*Problem details:* Below, some lines carry pictures; leave those pictures out and retype exactly the lines from the one with "3月27日,曲阜恒通劳务市场,工友们在等活间隙聚在一起,有说有笑。" through the one with "Vintage Geometric Engraved".

*Stored items:*
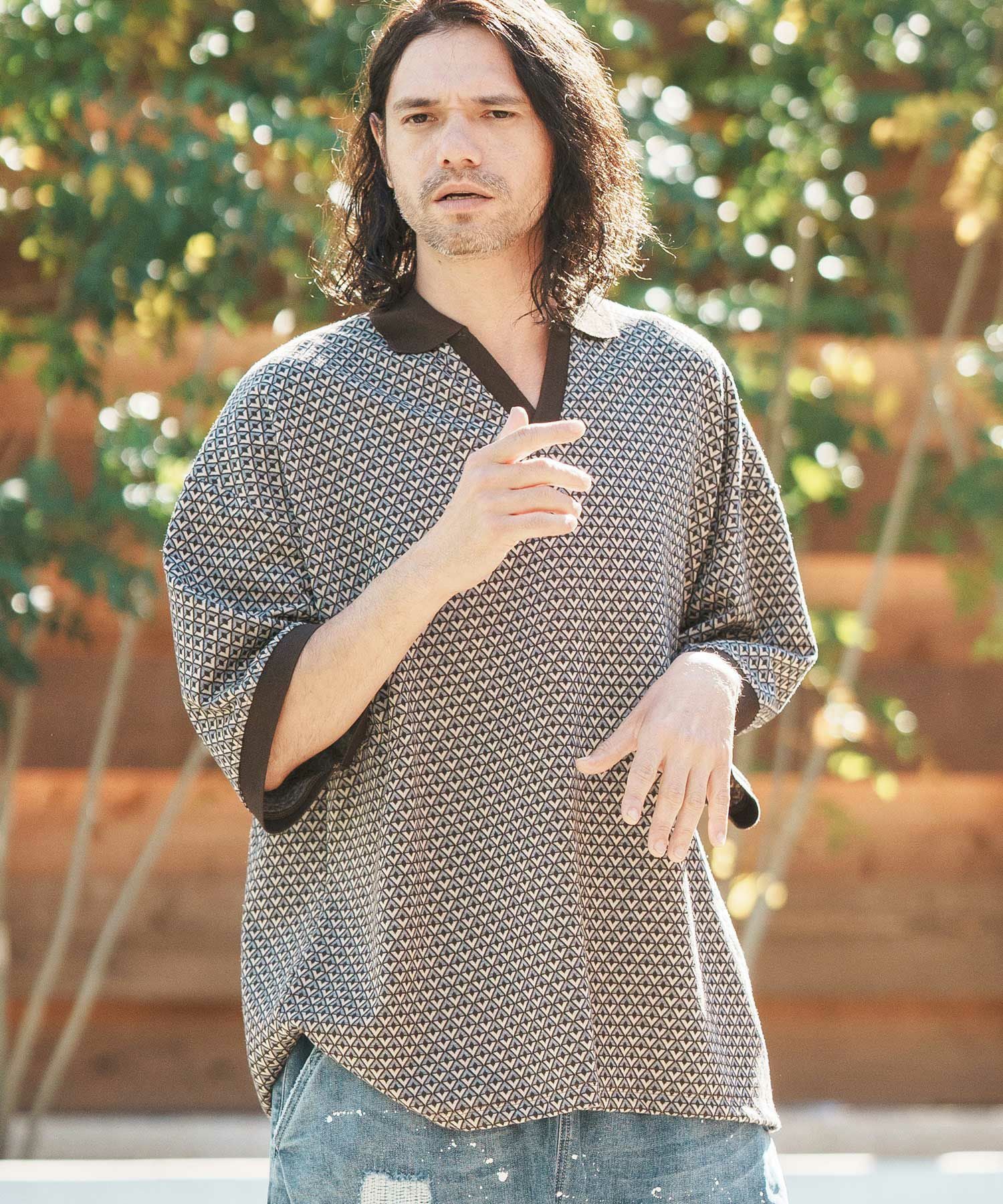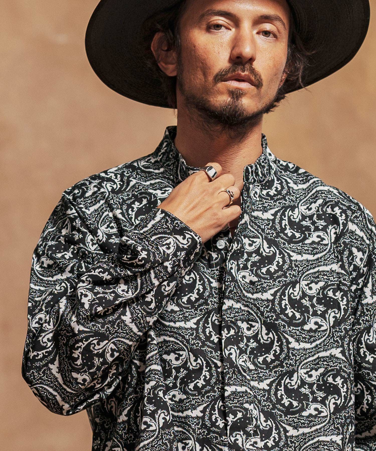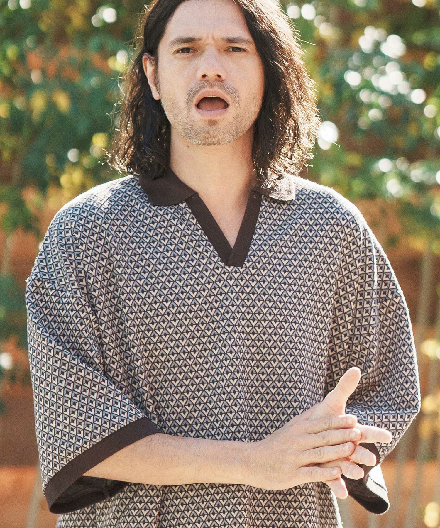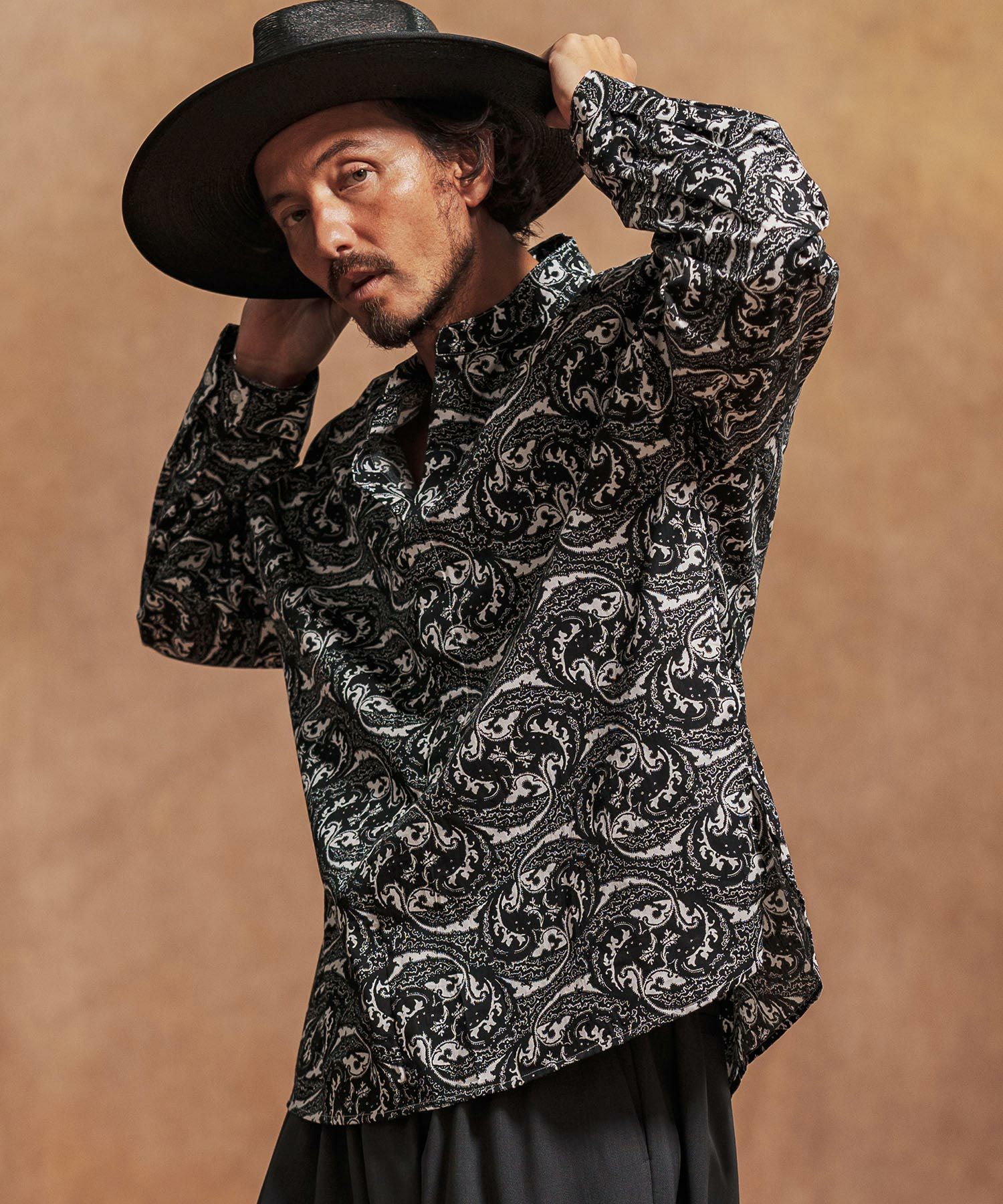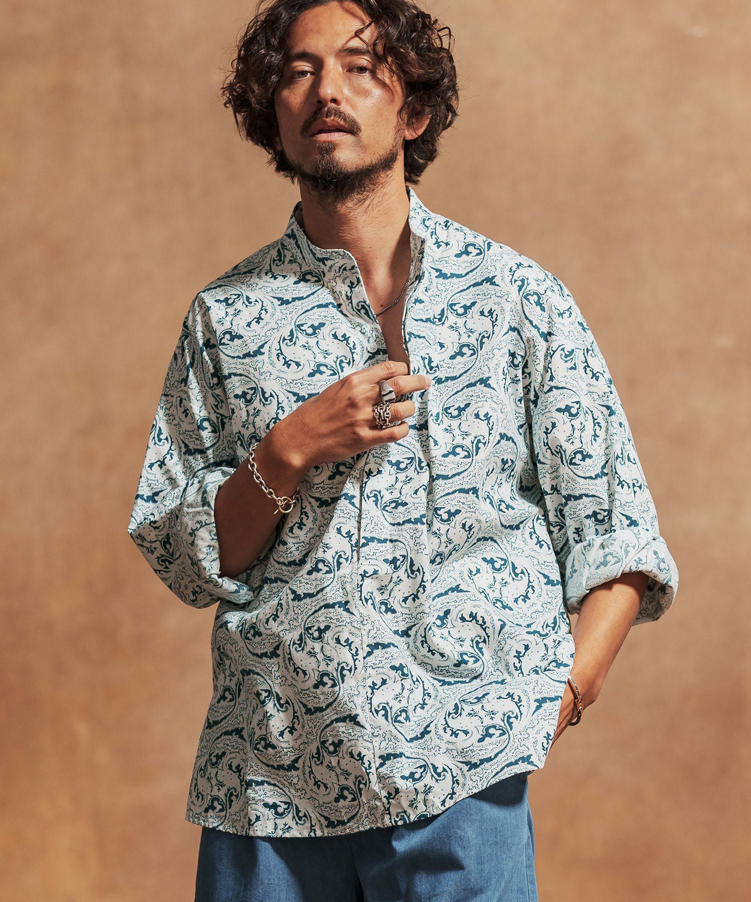 Jih Nunc 【Jih Nunc(ジーヌンク)】総柄バンドカラープルオーバーシャツ(JIH-R1092)
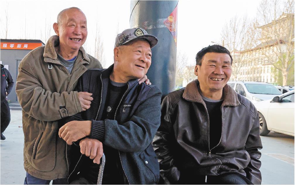 3月27日,曲阜恒通劳务市场,工友们在等活间隙聚在一起,有说有笑。
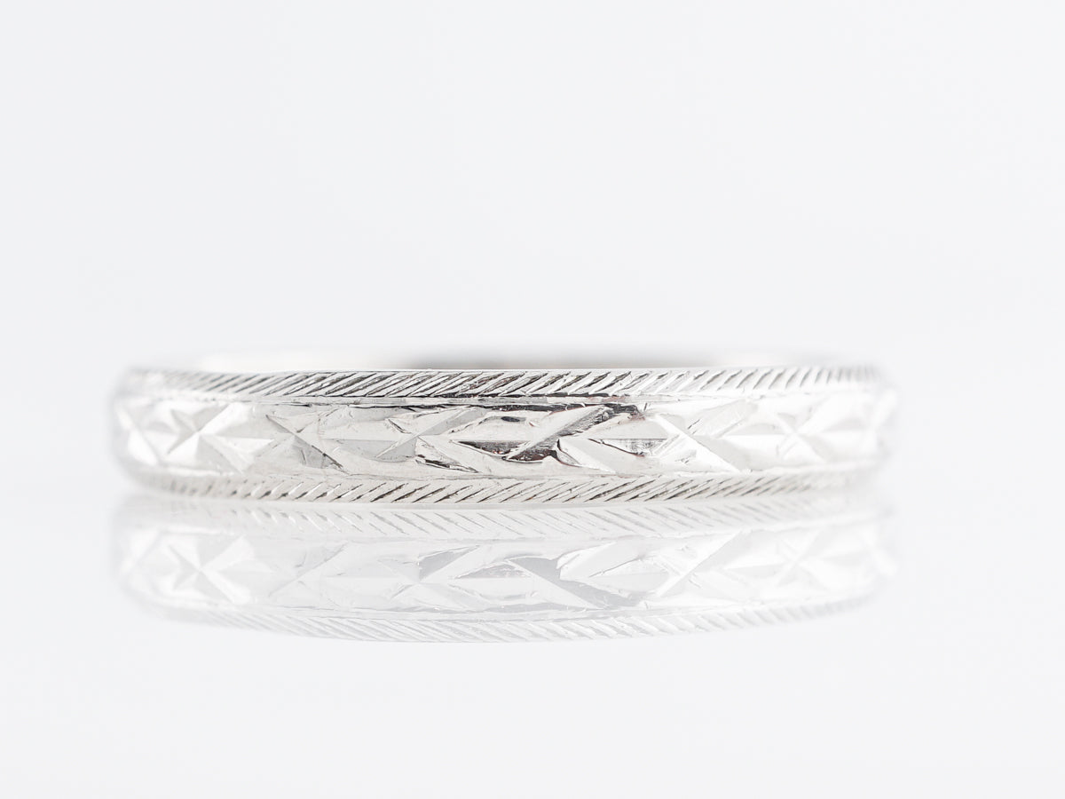 Vintage Geometric Engraved Wedding Band in Platinum. This vintage wedding band is a sound choice for your special day. This Art Deco ring has an engraved, geometric pattern that is outspoken and architectural. A quintessential wedding band that is a balance of style and practicality. This ring is perfect for anyone who wants a band they can trust to last.
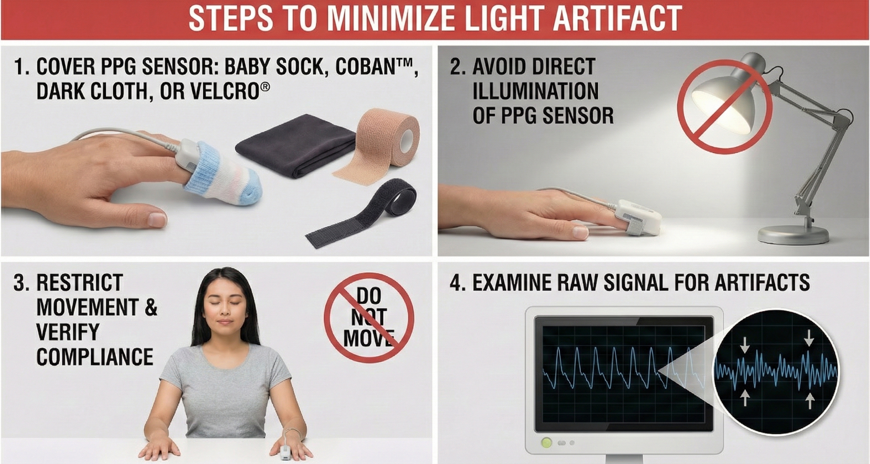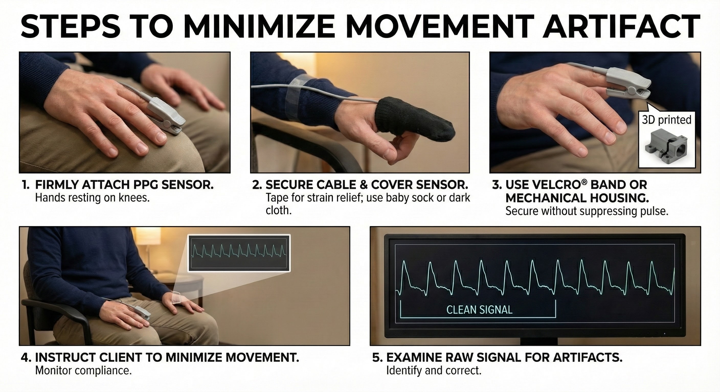 To minimize light artifact, cover the PPG sensor with a baby sock (an inexpensive and effective solution), Coban tape, a dark cloth, or Velcro band that wraps around the sensor housing. Avoid direct illumination of the PPG sensor, particularly from windows (which can introduce both sunlight and reflections), desk lamps, or overhead fluorescent lights that flicker at line frequency. Position the client so that the sensor faces away from light sources. Instruct clients to restrict movement and verify compliance throughout the session, as movement can shift the covering and allow light to enter. Always examine the raw signal for artifact, comparing the signal quality when the sensor is covered versus uncovered.
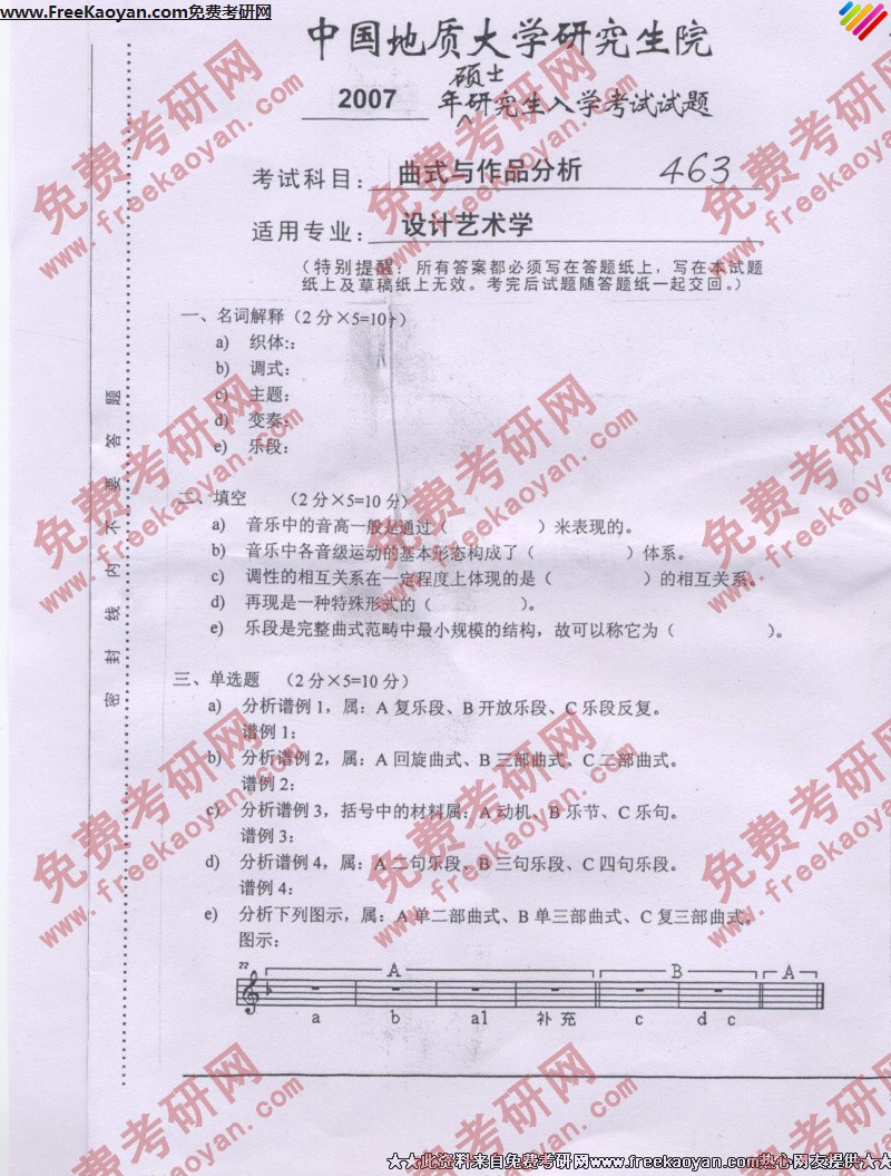 中国地质大学(武汉)2007年考研真题-曲式与作品分析
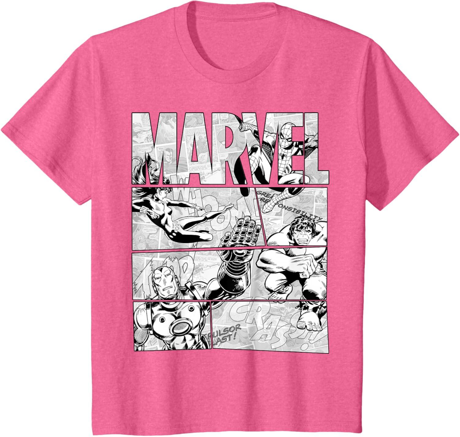Be the first to review “Marvel Avengers Retro Black and White Comic Graphic Short Sleeve T-Shirt(Pink Heather)”
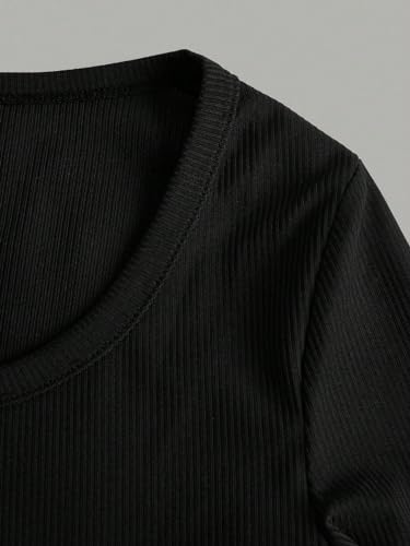 Girl's Long Sleeve T Shirt Slim Fit Crewneck Fall Basic Tees Ribbed Knit Crop Top for Girls 6

*The completed task:*
 3月27日,曲阜恒通劳务市场,工友们在等活间隙聚在一起,有说有笑。
 Vintage Geometric Engraved Wedding Band in Platinum. This vintage wedding band is a sound choice for your special day. This Art Deco ring has an engraved, geometric pattern that is outspoken and architectural. A quintessential wedding band that is a balance of style and practicality. This ring is perfect for anyone who wants a band they can trust to last.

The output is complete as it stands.